**WHAT IS NEEDED:** Your task is to copy every line of the records below that contains "with".

**DATA TO PROCESS:**

::::

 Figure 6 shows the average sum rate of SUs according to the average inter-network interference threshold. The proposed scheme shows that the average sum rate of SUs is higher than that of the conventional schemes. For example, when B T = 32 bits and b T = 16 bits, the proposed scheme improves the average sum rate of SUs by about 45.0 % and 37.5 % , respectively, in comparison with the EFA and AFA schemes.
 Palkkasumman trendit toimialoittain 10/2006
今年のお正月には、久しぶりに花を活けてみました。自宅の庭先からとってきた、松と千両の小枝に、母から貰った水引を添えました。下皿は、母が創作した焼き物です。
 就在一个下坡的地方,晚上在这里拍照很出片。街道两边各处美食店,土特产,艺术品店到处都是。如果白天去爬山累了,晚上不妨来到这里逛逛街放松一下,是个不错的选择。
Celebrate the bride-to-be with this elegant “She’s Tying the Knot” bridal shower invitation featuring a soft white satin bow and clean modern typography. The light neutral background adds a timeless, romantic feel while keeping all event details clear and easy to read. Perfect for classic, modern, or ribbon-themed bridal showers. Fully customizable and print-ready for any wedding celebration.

::::

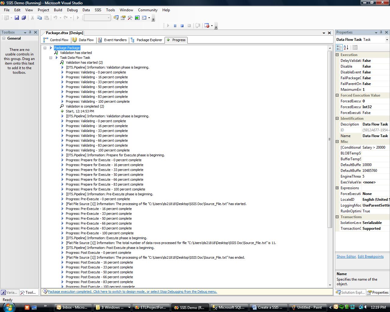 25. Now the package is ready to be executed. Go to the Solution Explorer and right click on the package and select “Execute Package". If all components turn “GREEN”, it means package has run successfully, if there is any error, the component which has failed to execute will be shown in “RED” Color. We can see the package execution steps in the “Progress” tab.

::::

**RESULT OF THE EXERCISE:**
 Figure 6 shows the average sum rate of SUs according to the average inter-network interference threshold. The proposed scheme shows that the average sum rate of SUs is higher than that of the conventional schemes. For example, when B T = 32 bits and b T = 16 bits, the proposed scheme improves the average sum rate of SUs by about 45.0 % and 37.5 % , respectively, in comparison with the EFA and AFA schemes.
Celebrate the bride-to-be with this elegant “She’s Tying the Knot” bridal shower invitation featuring a soft white satin bow and clean modern typography. The light neutral background adds a timeless, romantic feel while keeping all event details clear and easy to read. Perfect for classic, modern, or ribbon-themed bridal showers. Fully customizable and print-ready for any wedding celebration.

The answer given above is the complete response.